As you wish. Please note that it was al Qaeda that lauched the initial attacks against the U.S., not vice-versa, and, as such, its fighters are not in much of a position to complain about their treatment, being members of a group that is not a signatory to the Geneva Accords.The trouble with that idea is that "The War on Terror" is as all-encompassing, ill-defined and un-winnable as a "war on drugs" a "war on crime" or a "war on poverty." When will the "war on terror" be won? When there isn't a single person left standing who wishes to bring harm to the US or the West? You may as well just admit that the current detainees should remain in detention for the rest of their lives....
There's a story about Union General Benjamin Butler during the American Civil War.
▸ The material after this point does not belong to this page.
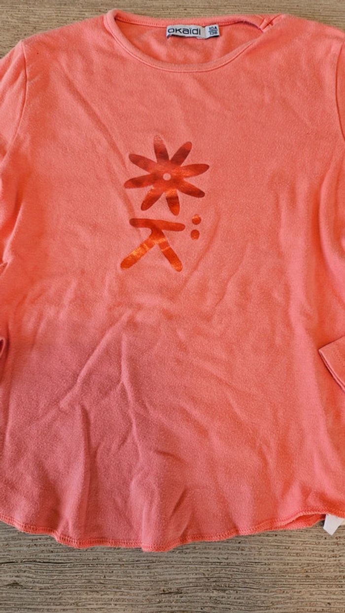 T shirt pour fille de couleur orange clair avec un signe chinois sur le devant. Très peu mis. Convient bien pour du 9 à 10ans #deborahtock_10ans

A slave had escaped from a Virginia plantation and made his way into the Union lines. His owner went to General Butler and demanded that his property be returned.
Butler responded that he had no authority to deal with the slaveowner's claim; it was his misfortune, Butler remarked, to be taken at his word when he claimed to be the citizen of a foreign country. Now, if the slaveowner wanted to acknowledge that he was a citizen of the United States, not the Confederate States...
The POWs at Guantanamo are in a similar situation. By not being a signatory to the Geneva Accords, they are proclaiming, "The rules of war do not apply to us." It is their misfortune that the United States government is taking them at their word.